The naive solution is dynamic programming. It guarantees to find the best solution. Let f(i), 0<=i<=n, be the size of the maximal subset up to interval [x_i,y_i). We have equation (this is latex):
f(i)=\max_{0<=j<i}{f(j)+d(i,j)}
where d(i,j)=1 if and only if [x_i,y_i) and [x_j,y_j) have no overlaps; otherwise d(i,j) takes zero. You can iteratively compute f(i), starting from f(0)=0. f(n) gives the size of the maximal subset. To get the actual subset, you need to keep a separate array s(i)=\argmax_{0<=j<i}{f(j)+d(i,j)}. You then need to backtrack to get the 'path'.
This is an O(n^2) algorithm: you need to compute each f(i) and for each f(i) you need i number of tests. I think there should be a O(nlogn) algorithm, but I am not so sure.
EDIT: an implementation in Lua:
function find_max(list)
local ret, f, b = {}, {}, {}
f[0], b[0] = 0, 0
table.sort(list, function(a,b) return a[1]<b[1] end)
-- dynamic programming
for i, x in ipairs(list) do
local max, max_j = 0, -1
x = list[i]
for j = 0, i - 1 do
local e = j > 0 and list[j][2] or 0
local score = e <= x[1] and 1 or 0
if f[j] + score > max then
max, max_j = f[j] + score, j
end
end
f[i], b[i] = max, max_j
end
-- backtrack
local max, max_i = 0, -1
for i = 1, #list do
if f[i] > max then -- don't use >= here
max, max_i = f[i], i
end
end
local i, ret = max_i, {}
while true do
table.insert(ret, list[i])
i = b[i]
if i == 0 then break end
end
return ret
end
local l = find_max({{1,2}, {4,7}, {3,5}, {8,11}, {9,12}})
for _, x in ipairs(l) do
print(x[1], x[2])
end
The name of this problem is bin packing, it is usually considered as a hard problem but can be computed reasonably well for small number of bins.

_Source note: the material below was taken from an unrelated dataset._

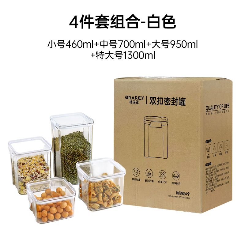 格瑞亚双扣密封罐4件套-超厚款 460ml+700ml+950ml+1300ml

Here is a video explaining common approaches to this problem
EDIT : By hard problem, I mean that some kind of brute force has to be employed. You will have to evaluate a lot of solutions and reject most of them, so usually you need some kind of evaluation mechanism. You need to be able to compare solution, such as "This solution packs 4 rectangles with area of 15" is better than "This solution packs 3 rectangles with area of 16".
I can't think of a shortcut, so you may have to enumerate the power set in descending order of size and stop on the first match.
The straightforward way to do this is to enumerate combinations of decreasing size. You could do something like this in C++11:
template <typename I>
std::set<Span> find_largest_non_overlapping_subset(I start, I finish) {
std::set<Span> result;
for (size_t n = std::distance(start, finish); n-- && result.empty();) {
enumerate_combinations(start, finish, n, [&](I begin, I end) {
if (!has_overlaps(begin, end)) {
result.insert(begin, end);
return false;
}
return true;
});
}
return result;
}
The implementation of enumerate_combination is left as an exercise. I assume you already have has_overlap.